EXERCISE GOAL:
What you give must be the lines from the one containing "Figure 3: Ireland, Portugal" through the last line of the listing below, exactly, with nothing else and no pictures.

INFORMATION PROVIDED:
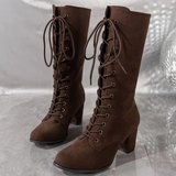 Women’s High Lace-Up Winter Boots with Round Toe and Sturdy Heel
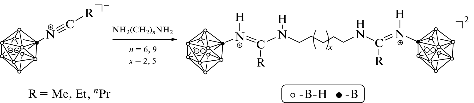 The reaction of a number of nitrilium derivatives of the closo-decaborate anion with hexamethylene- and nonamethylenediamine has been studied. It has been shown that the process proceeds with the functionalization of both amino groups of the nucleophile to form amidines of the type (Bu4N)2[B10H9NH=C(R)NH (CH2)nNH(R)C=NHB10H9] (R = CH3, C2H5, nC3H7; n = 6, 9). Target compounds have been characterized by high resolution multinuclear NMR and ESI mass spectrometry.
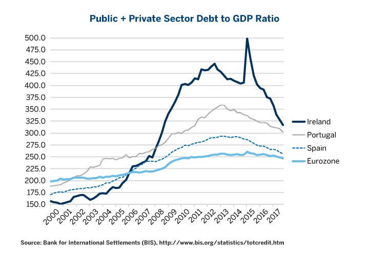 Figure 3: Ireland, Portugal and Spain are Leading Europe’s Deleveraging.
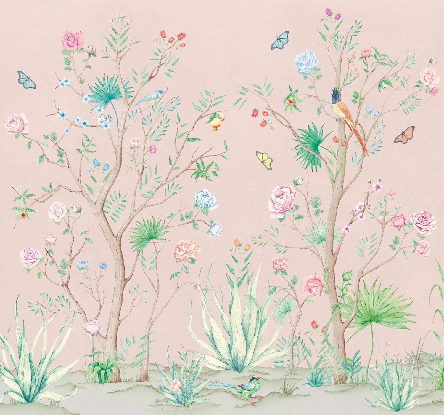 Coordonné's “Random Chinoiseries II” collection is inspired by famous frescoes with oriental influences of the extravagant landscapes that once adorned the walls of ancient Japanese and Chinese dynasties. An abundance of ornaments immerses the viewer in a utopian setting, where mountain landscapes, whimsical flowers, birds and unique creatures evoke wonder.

PROBLEM SOLUTION:
 Figure 3: Ireland, Portugal and Spain are Leading Europe’s Deleveraging.
 Coordonné's “Random Chinoiseries II” collection is inspired by famous frescoes with oriental influences of the extravagant landscapes that once adorned the walls of ancient Japanese and Chinese dynasties. An abundance of ornaments immerses the viewer in a utopian setting, where mountain landscapes, whimsical flowers, birds and unique creatures evoke wonder.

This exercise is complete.